• [Task to carry out]: Print the data that follows word for word, leaving out any picture.

• [Data segment]:

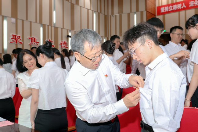 为新入党党员代表佩戴党员徽章
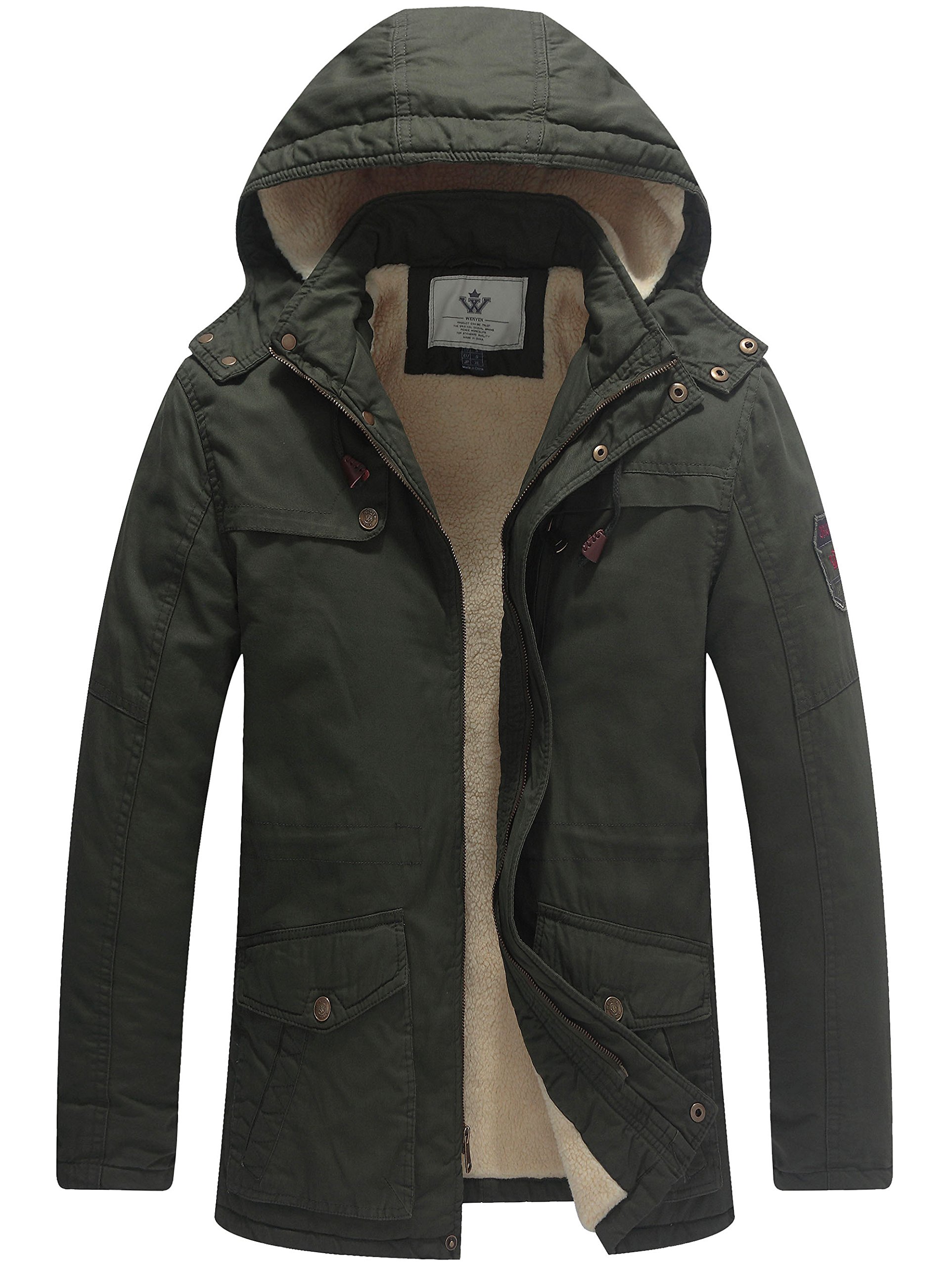 WenVen Men's Winter Warm Cotton Parka Jacket Army Fatigue Coat (Army Green,M)
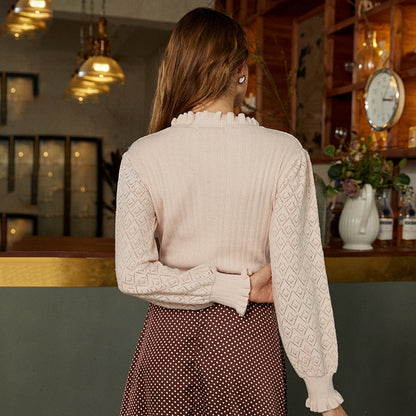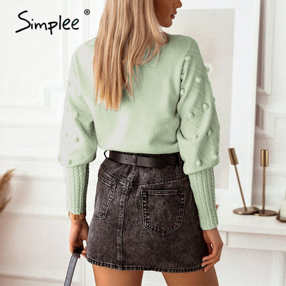 Elegant fur pompon sweater Autumn winter lantern sleeve knitted sweater Streetwear ladies green pullover Jumper

• [Answer]:
 为新入党党员代表佩戴党员徽章
 WenVen Men's Winter Warm Cotton Parka Jacket Army Fatigue Coat (Army Green,M)
 Elegant fur pompon sweater Autumn winter lantern sleeve knitted sweater Streetwear ladies green pullover Jumper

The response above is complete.